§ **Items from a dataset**
▼▼▼

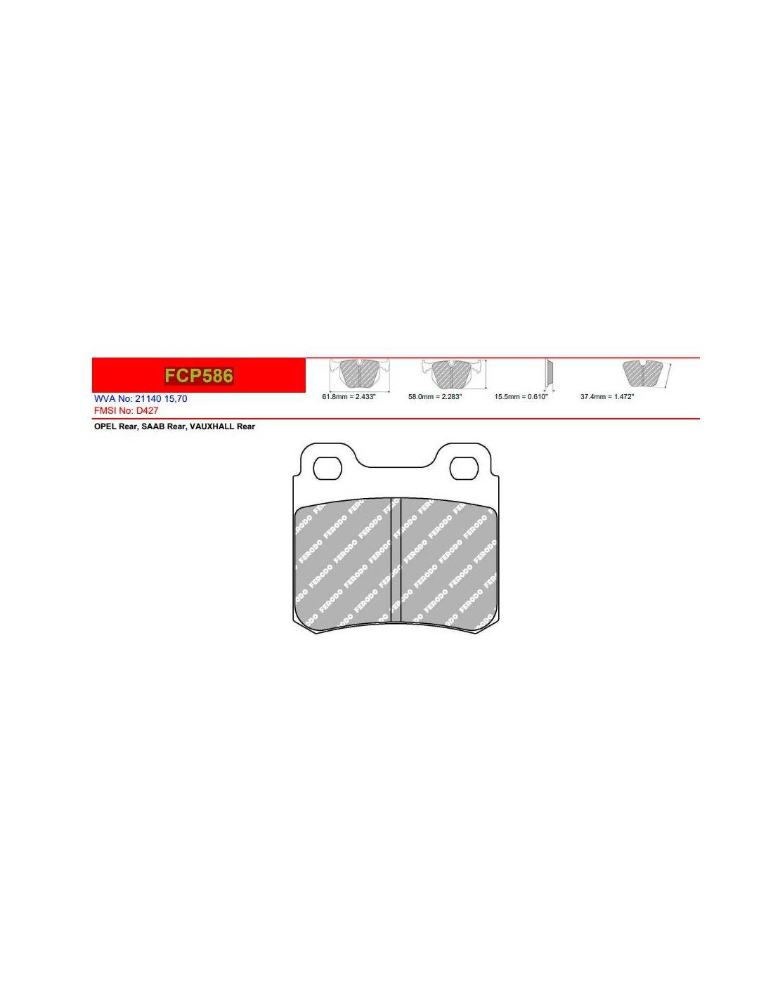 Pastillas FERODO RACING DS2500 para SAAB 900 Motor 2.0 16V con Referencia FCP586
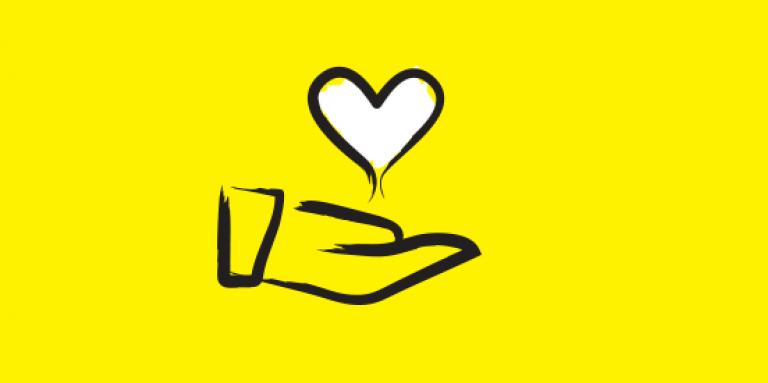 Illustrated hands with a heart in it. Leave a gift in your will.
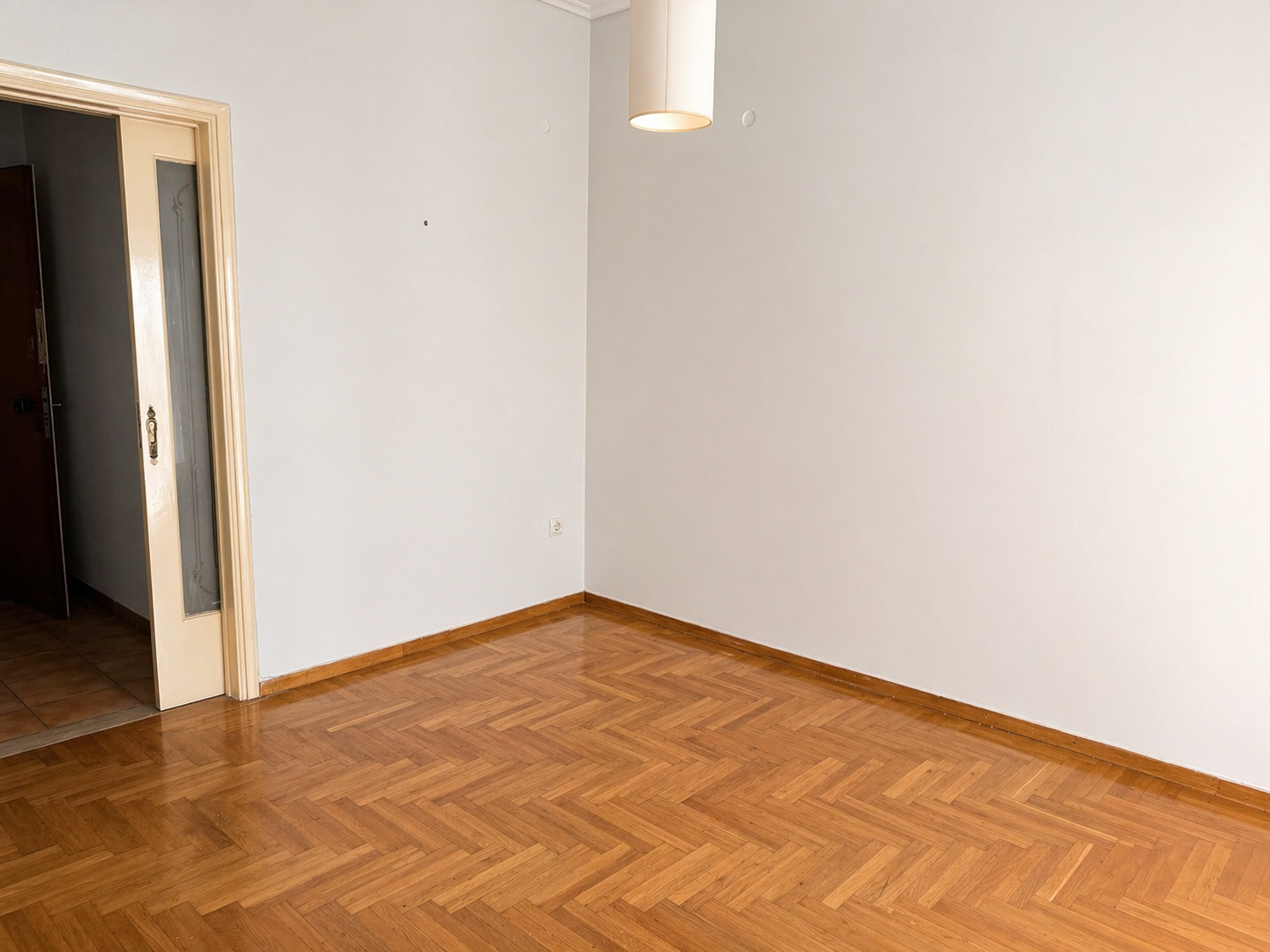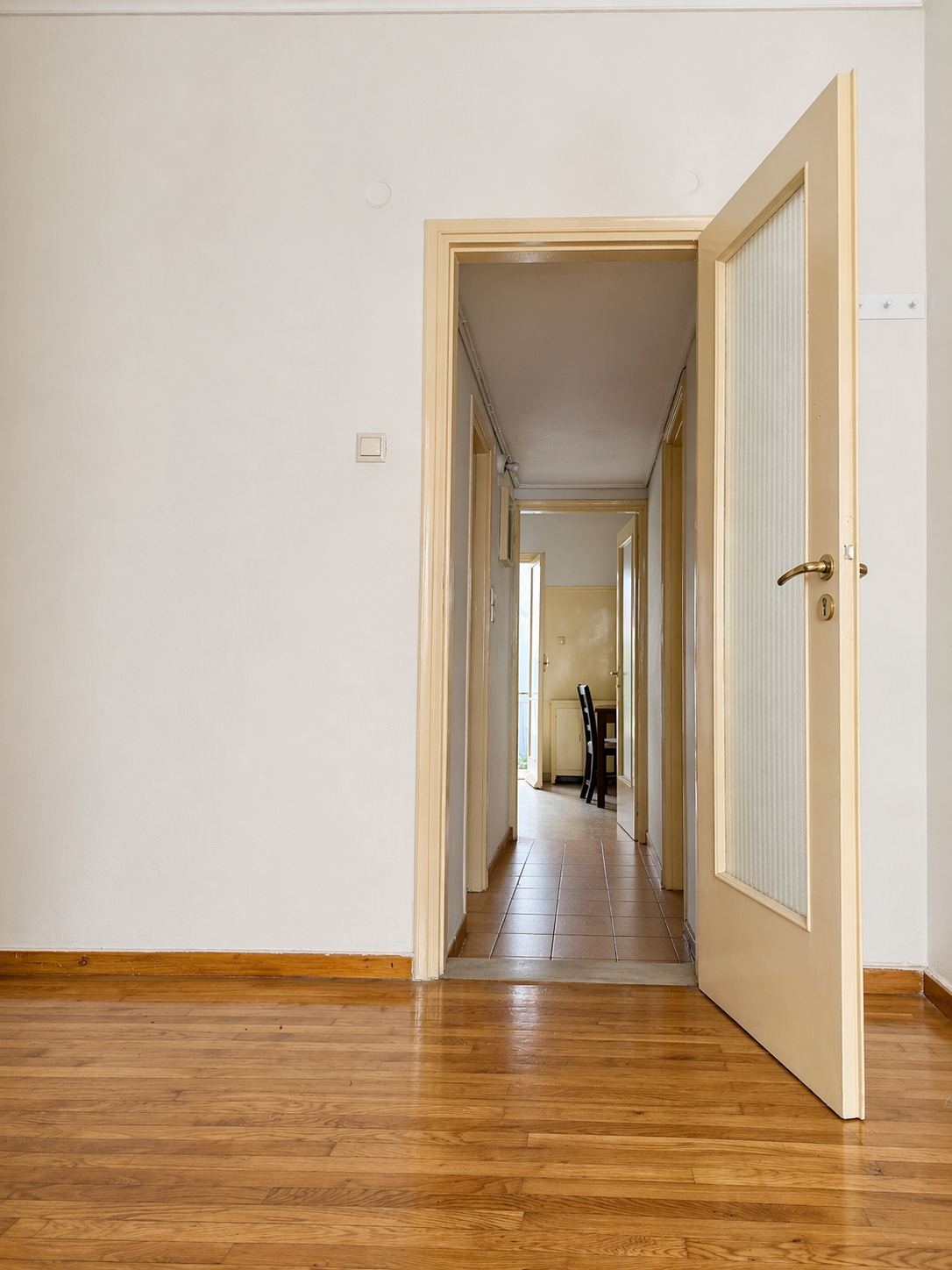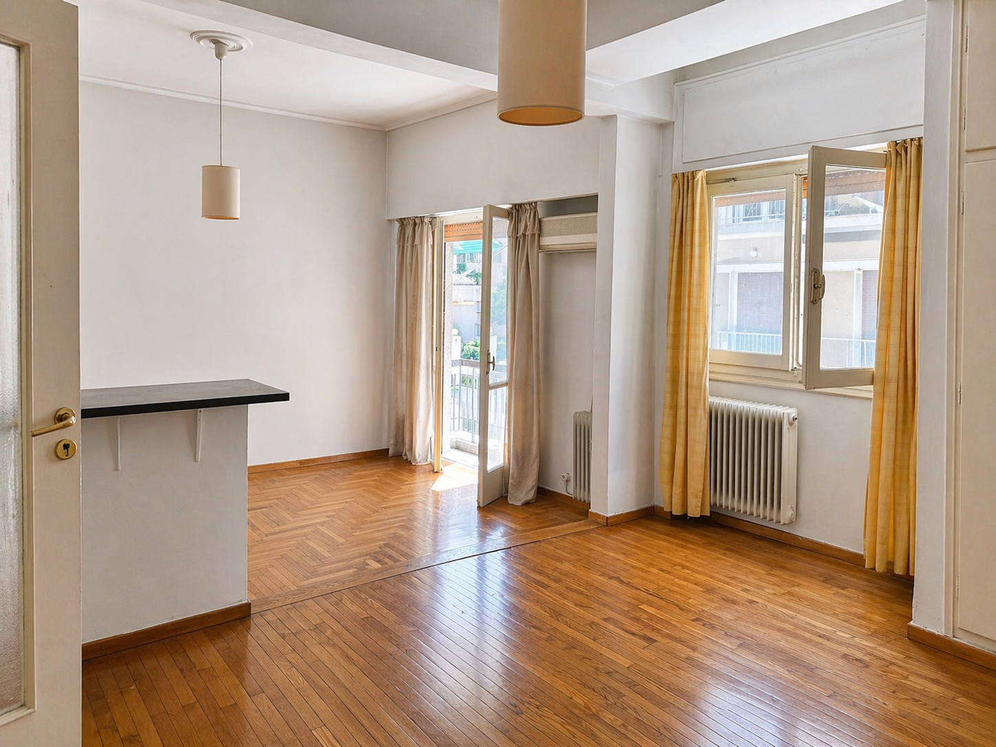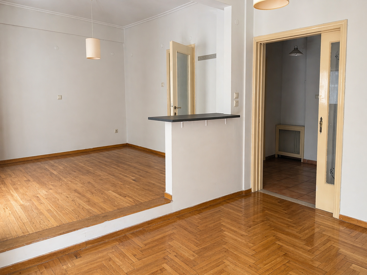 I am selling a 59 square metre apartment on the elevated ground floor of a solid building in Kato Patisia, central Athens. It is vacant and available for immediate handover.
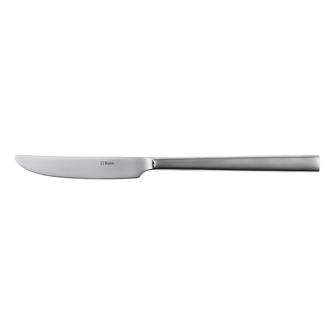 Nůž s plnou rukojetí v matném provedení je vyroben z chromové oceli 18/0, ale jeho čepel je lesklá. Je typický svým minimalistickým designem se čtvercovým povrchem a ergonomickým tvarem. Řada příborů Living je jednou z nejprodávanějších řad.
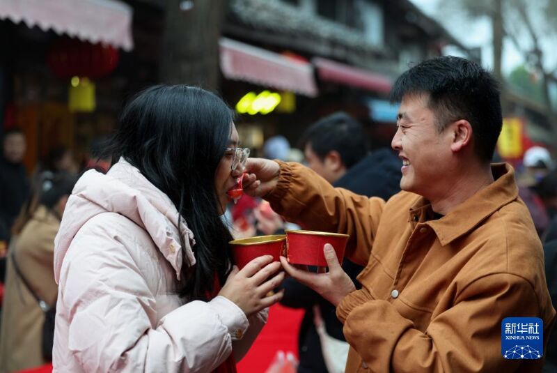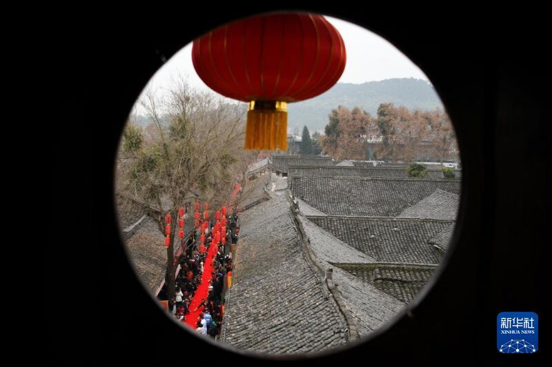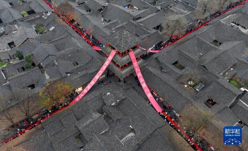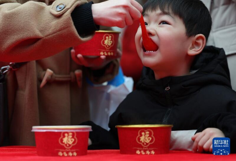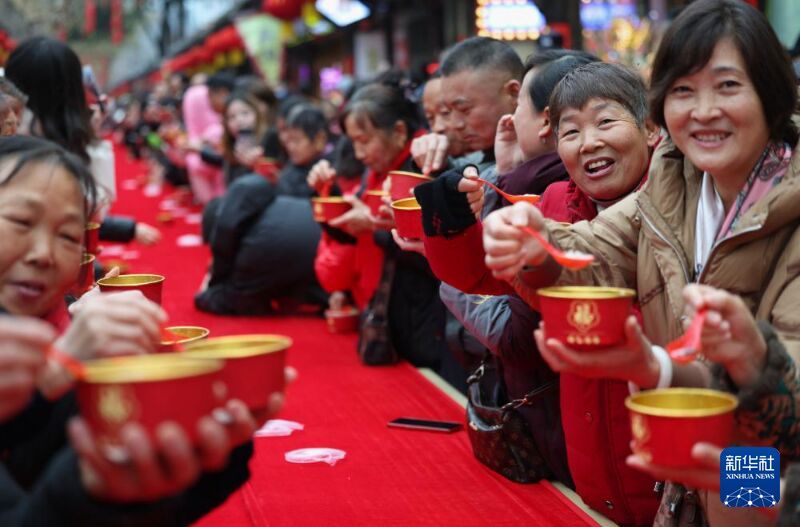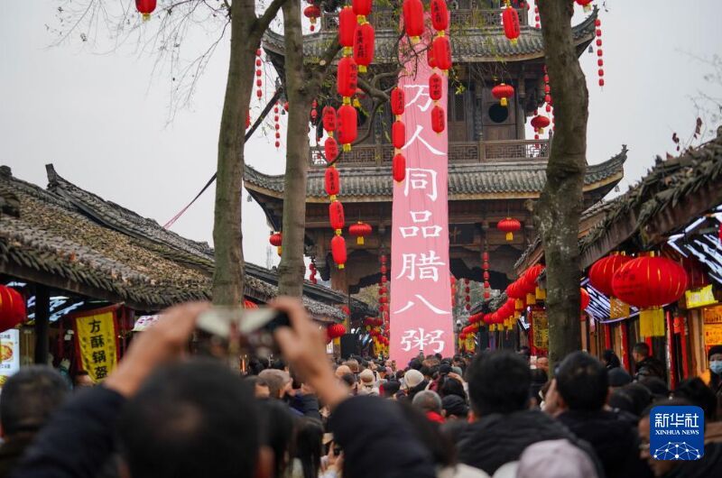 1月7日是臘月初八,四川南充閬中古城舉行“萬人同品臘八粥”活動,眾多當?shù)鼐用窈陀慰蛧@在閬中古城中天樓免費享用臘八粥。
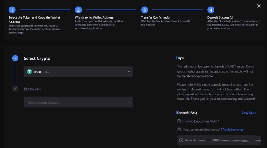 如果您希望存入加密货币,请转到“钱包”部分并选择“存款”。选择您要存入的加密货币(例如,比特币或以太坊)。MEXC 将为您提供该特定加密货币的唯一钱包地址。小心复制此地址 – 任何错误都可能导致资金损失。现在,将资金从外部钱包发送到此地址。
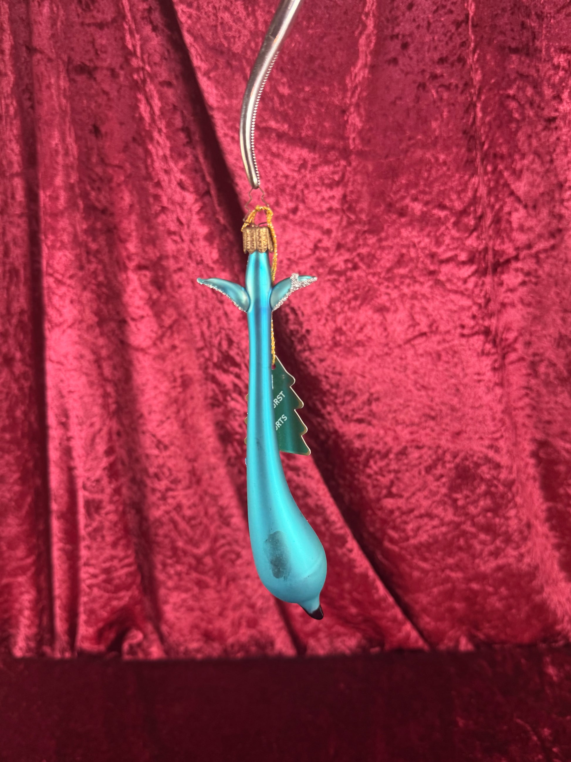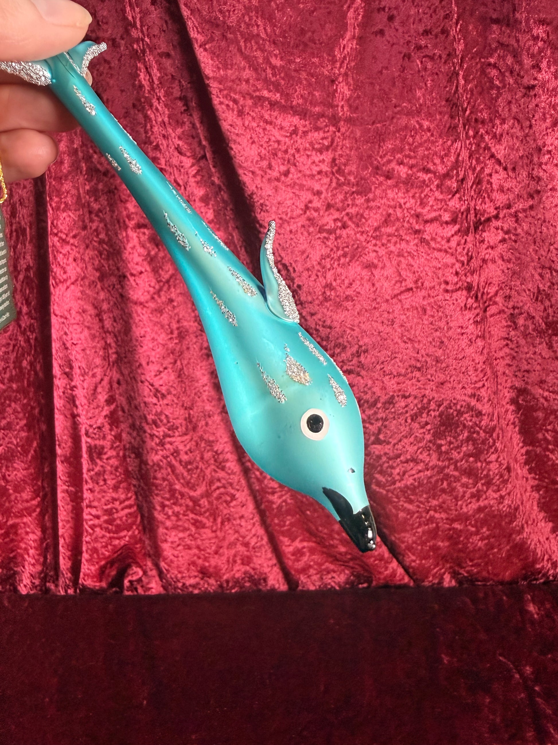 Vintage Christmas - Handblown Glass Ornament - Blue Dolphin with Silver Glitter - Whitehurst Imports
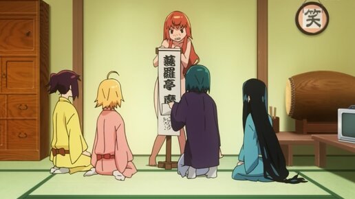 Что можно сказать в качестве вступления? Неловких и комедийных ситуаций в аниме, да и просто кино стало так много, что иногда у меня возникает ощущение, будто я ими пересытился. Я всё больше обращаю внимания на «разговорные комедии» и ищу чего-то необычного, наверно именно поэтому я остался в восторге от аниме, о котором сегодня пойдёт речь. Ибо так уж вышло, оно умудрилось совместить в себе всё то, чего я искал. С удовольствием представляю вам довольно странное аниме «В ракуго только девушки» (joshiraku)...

▲▲▲

§ **Task instructions**
Every record above should be set down exactly, with the pictures left out.

§ **Response**
 Pastillas FERODO RACING DS2500 para SAAB 900 Motor 2.0 16V con Referencia FCP586
 Illustrated hands with a heart in it. Leave a gift in your will.
 I am selling a 59 square metre apartment on the elevated ground floor of a solid building in Kato Patisia, central Athens. It is vacant and available for immediate handover.
 Nůž s plnou rukojetí v matném provedení je vyroben z chromové oceli 18/0, ale jeho čepel je lesklá. Je typický svým minimalistickým designem se čtvercovým povrchem a ergonomickým tvarem. Řada příborů Living je jednou z nejprodávanějších řad.
 1月7日是臘月初八,四川南充閬中古城舉行“萬人同品臘八粥”活動,眾多當?shù)鼐用窈陀慰蛧@在閬中古城中天樓免費享用臘八粥。
 如果您希望存入加密货币,请转到“钱包”部分并选择“存款”。选择您要存入的加密货币(例如,比特币或以太坊)。MEXC 将为您提供该特定加密货币的唯一钱包地址。小心复制此地址 – 任何错误都可能导致资金损失。现在,将资金从外部钱包发送到此地址。
 Vintage Christmas - Handblown Glass Ornament - Blue Dolphin with Silver Glitter - Whitehurst Imports
 Что можно сказать в качестве вступления? Неловких и комедийных ситуаций в аниме, да и просто кино стало так много, что иногда у меня возникает ощущение, будто я ими пересытился. Я всё больше обращаю внимания на «разговорные комедии» и ищу чего-то необычного, наверно именно поэтому я остался в восторге от аниме, о котором сегодня пойдёт речь. Ибо так уж вышло, оно умудрилось совместить в себе всё то, чего я искал. С удовольствием представляю вам довольно странное аниме «В ракуго только девушки» (joshiraku)...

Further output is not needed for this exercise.